Records from a dataset

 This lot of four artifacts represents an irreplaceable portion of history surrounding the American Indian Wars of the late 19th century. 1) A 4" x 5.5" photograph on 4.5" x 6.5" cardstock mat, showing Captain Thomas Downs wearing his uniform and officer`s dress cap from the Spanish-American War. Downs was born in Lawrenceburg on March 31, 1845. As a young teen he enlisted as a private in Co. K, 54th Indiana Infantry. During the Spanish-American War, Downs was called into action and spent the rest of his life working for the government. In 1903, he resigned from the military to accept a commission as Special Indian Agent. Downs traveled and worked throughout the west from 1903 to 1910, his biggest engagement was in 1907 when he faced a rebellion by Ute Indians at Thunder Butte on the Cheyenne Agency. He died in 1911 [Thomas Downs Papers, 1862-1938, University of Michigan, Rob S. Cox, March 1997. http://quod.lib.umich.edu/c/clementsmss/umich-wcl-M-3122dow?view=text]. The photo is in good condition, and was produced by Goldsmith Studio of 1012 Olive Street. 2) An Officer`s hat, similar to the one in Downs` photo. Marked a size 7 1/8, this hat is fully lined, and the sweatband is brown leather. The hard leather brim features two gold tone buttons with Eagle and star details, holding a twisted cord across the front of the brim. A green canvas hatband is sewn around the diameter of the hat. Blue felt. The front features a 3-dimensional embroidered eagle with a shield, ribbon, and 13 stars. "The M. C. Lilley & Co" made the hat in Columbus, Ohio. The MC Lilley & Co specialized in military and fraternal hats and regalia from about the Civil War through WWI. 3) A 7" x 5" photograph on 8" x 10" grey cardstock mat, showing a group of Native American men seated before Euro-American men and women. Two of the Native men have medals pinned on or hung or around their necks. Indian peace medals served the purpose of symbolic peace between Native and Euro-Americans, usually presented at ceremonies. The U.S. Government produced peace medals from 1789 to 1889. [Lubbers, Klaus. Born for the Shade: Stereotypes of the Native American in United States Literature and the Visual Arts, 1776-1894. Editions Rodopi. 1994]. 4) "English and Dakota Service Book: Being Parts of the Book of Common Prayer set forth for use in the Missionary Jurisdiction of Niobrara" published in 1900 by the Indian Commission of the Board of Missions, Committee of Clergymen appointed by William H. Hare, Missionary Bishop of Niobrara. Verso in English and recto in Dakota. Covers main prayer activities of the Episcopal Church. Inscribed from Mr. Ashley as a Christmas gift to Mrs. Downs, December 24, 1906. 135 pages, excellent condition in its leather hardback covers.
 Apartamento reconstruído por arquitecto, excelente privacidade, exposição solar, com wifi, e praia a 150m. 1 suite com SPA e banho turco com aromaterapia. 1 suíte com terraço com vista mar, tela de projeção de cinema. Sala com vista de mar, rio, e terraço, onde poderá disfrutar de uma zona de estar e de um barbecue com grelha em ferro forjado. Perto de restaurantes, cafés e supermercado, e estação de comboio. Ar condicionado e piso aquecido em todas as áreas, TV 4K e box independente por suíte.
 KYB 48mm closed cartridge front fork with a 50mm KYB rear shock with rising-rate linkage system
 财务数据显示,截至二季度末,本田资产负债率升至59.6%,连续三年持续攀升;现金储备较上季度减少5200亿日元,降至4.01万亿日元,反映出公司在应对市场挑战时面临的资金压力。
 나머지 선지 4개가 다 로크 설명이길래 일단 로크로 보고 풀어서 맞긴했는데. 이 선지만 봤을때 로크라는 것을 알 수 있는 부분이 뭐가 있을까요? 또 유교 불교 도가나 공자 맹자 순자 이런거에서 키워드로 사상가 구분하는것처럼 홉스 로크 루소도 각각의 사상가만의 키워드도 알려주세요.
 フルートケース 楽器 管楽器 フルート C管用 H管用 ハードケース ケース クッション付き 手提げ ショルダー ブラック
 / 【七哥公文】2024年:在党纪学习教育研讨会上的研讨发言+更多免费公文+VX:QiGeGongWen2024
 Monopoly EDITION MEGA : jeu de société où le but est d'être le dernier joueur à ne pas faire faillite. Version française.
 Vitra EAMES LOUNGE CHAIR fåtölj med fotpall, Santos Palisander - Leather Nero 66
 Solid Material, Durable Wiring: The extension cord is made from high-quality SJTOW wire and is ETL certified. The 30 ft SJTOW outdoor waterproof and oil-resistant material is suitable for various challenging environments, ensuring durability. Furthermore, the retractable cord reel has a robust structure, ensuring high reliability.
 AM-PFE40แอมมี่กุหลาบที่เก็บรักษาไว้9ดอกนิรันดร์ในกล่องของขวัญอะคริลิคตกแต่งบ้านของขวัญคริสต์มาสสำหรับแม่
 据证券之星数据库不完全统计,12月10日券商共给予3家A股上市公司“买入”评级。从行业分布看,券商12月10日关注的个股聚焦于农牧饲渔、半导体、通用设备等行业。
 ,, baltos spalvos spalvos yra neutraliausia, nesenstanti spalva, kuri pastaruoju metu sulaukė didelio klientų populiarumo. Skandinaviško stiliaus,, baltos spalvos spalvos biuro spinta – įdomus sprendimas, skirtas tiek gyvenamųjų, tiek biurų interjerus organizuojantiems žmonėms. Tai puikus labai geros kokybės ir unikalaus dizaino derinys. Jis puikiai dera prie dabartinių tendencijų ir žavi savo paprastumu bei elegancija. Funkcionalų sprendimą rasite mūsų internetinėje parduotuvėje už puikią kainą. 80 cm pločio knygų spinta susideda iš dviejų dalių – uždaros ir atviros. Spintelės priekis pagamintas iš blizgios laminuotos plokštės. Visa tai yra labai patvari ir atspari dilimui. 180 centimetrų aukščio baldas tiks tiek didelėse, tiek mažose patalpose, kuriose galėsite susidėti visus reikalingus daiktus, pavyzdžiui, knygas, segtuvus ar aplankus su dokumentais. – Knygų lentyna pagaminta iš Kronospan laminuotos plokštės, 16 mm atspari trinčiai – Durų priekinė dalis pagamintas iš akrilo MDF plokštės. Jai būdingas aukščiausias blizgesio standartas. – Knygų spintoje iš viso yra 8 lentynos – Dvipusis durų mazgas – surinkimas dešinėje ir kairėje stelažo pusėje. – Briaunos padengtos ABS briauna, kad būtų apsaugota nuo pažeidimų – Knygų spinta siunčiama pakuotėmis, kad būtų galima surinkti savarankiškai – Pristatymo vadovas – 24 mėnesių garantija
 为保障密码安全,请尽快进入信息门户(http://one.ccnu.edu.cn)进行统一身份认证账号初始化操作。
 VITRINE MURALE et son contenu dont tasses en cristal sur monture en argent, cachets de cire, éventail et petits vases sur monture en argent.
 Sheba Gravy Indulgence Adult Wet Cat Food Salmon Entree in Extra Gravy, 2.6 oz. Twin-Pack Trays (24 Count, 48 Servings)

### How to complete this task
Your answer should consist only of the lines above between the line holding "Apartamento reconstruído por" and the line holding "财务数据显示,截至二季度末,本田资产负债", inclusive, each transcribed exactly.

### Answer space
 Apartamento reconstruído por arquitecto, excelente privacidade, exposição solar, com wifi, e praia a 150m. 1 suite com SPA e banho turco com aromaterapia. 1 suíte com terraço com vista mar, tela de projeção de cinema. Sala com vista de mar, rio, e terraço, onde poderá disfrutar de uma zona de estar e de um barbecue com grelha em ferro forjado. Perto de restaurantes, cafés e supermercado, e estação de comboio. Ar condicionado e piso aquecido em todas as áreas, TV 4K e box independente por suíte.
 KYB 48mm closed cartridge front fork with a 50mm KYB rear shock with rising-rate linkage system
 财务数据显示,截至二季度末,本田资产负债率升至59.6%,连续三年持续攀升;现金储备较上季度减少5200亿日元,降至4.01万亿日元,反映出公司在应对市场挑战时面临的资金压力。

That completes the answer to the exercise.